If I correct understand this question.

1) Both subtrees — left and right — are binary search trees.

2) All nodes of the left subtree of arbitrary node X of value of keys of data have less, than value of a key of data of the node X.

3) All nodes of the right subtree of arbitrary node X of value of keys of data have more or are equal, than value of a key of data of the node X.

After these conditions you have 3 basic operation with tree: find, insert, remove.

Find(K): search of a node in which couple (key, value) with key = K is stored.

Algorithm:

If the tree is empty, to report that the node is not found and to stop.

Otherwise to compare K to value of a key of root node X.

If K=X to issue the link to this node and to stop.

If K> X, recursively to look for K key in the right subtree T.

If K<X, recursively to look for K key in the left subtree T.

INSERT (K, V) — adding in couple tree (key, value) = (K, V).

If the tree is empty, to replace it with a tree with one root node ((K, V), null, null) and to stop.

Otherwise to compare K to a key of root node X.

If K > X, recursively to add (K, V) in the right subtree T.

If K < X, recursively to add (K, V) in the left subtree T.

If K=X to replace the V current node with new value

REMOVE(K) — deleting a node in which couple (key, value) with key = K is stored.

If the tree of T is empty, to stop;

Otherwise to compare K to a key of the X root node of n.

If K > X, recursively to delete K from the right subtree T;

If K <X, recursively to delete k from the left subtree=T;

i K=X then it is necessary conside three cases. both children are absent,we delete current node and nullify link at a parent node; if no one of children, field values child m put instead appropriate root node, rubbing its old values, release memory occupied by m; present, right absent (n-> right->; left)

We copy from the right node in deleted the K, V fields and the link to the right node of the right descendant.

Otherwise

We will take the most left node m, the right subtree n-> right;

We will copy data (except links to child members) from m in n;

Recursively we will delete a node m

Logarithm also use In Big O Notation, where "b" is a count of your records.
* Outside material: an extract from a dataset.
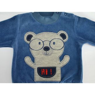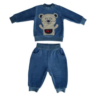 Костюм для мальчика, состоящий из кофточки с длинными рукавами и штанишек на резинке. Мягкая велюровая ткань очень приятна на ощупь, не трет и не раздражает нежную кожу малыша. Синий цвет костюма, аппликация в виде забавного медвежонка и удобные карманы на штанишках сделают этот комплект любимой одеждой вашего непоседы. Кофта имеет удобную застежку на плече и мягкие трикотажные манжеты None

Base usually is 2.

You can see more infromation about logarithm , for example, in this article.

https://en.wikipedia.org/w

A bit more detail for BigO Notation:

The idea is to estimate the computation speed of an algorithm independent from hardware. To do this you consider the growth of a function of n. where n is the size of your input data (number of elements mostly). So having n elements as input you count the worst case of number of operations that need to be computed to obtain the result.
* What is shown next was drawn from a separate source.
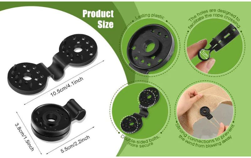 HEAVY-DUTY AND HIGH QUALITY MATERIAL – Our shade cloth grommets are made from 100% virgin PE material, UV Treated. High impact plastic components provide long life, which can fix the sunshade nicely to prevent being blown away by the wind, and effectively block the ultraviolet rays and birds from passing through the sunshade.

For example in binary search you halve the search space in each step. You start with the element in the middle, if its bigger than the element you search for, then you can drop the right (greater) side of the inputs and repeat the step with the middle element of the left (smaller) side.

So the maximum number of steps you need to take to find the result is log(n) (with the base 2 of course) because this is the number of times you can halve the input data (e.g 32 -> 16 -> 8 -> 4 -> 2 -> 1, so log(32) = 5).

This is what you do to estimate the worst case runtime of an algorithm. In practice this is much more important than CPU speed, because it shows how many steps you have to compute more when you increase the size of the input. Binary Sort alwys runs in log(n), as long as your input data is ordered (if not you need to add the runtime of a sorting algorithm), Bubble sort however has a runtime that depends on the order of the input data. If the data happens to be ordered in reverse, the algorithm swaps each element completely through the list unitl it is ordered, so every of the n items is moved n times resulting in O(n^2). This is the worst case however, bubble sort probably runs faster most of the time but it is still very slow.

So considering a runtime of O(n^2) this means that you require 16 operations for list of length 4, 25 for a list of length 5 and so on (In the worst case). Since you asked about big datasets you can imagine how the required number of operations explodes.

Another point for huge datasets is the problem, that they usually do not fit into the ram or are distributed across many servers. For this you should have a look at external memory algorithms.